THE DATA.
********************
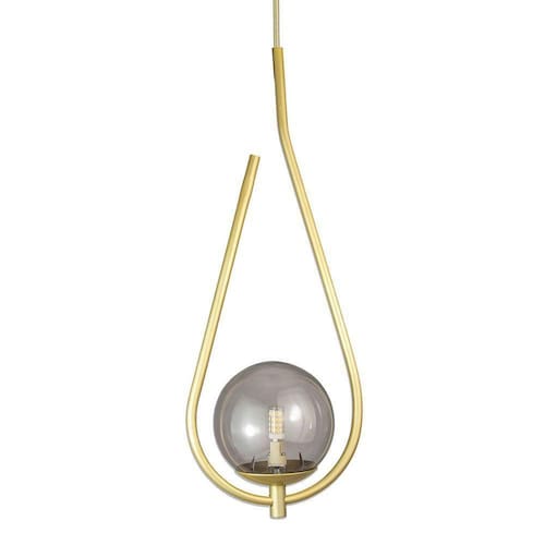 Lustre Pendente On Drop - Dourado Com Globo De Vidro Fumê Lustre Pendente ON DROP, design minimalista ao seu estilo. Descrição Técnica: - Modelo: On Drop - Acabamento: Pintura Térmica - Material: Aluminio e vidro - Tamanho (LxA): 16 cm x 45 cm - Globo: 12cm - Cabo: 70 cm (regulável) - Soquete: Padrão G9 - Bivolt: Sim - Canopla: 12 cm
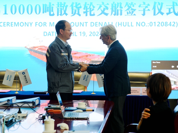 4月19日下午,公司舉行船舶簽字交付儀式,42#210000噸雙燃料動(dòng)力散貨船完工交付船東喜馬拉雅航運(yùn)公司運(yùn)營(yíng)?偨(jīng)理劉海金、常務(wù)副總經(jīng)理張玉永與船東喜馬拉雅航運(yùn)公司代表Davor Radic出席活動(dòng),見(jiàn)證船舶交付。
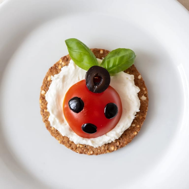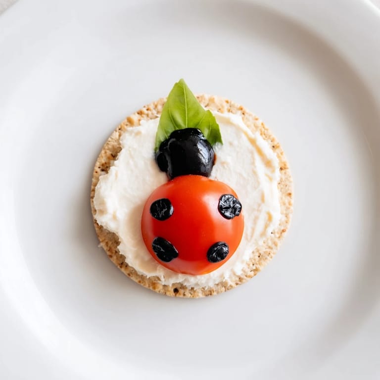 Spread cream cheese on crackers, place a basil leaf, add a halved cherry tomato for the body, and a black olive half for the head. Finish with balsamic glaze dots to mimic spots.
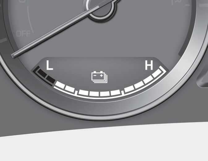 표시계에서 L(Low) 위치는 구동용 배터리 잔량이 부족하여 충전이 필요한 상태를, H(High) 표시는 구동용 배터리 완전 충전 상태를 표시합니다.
********************
PROBLEM. Exactly and only the lines from the one holding "4月19日下午,公司舉行船舶" through the final line of the material must be returned, both ends included, without any pictures.

TASK RESPONSE.
 4月19日下午,公司舉行船舶簽字交付儀式,42#210000噸雙燃料動(dòng)力散貨船完工交付船東喜馬拉雅航運(yùn)公司運(yùn)營(yíng)?偨(jīng)理劉海金、常務(wù)副總經(jīng)理張玉永與船東喜馬拉雅航運(yùn)公司代表Davor Radic出席活動(dòng),見(jiàn)證船舶交付。
 Spread cream cheese on crackers, place a basil leaf, add a halved cherry tomato for the body, and a black olive half for the head. Finish with balsamic glaze dots to mimic spots.
 표시계에서 L(Low) 위치는 구동용 배터리 잔량이 부족하여 충전이 필요한 상태를, H(High) 표시는 구동용 배터리 완전 충전 상태를 표시합니다.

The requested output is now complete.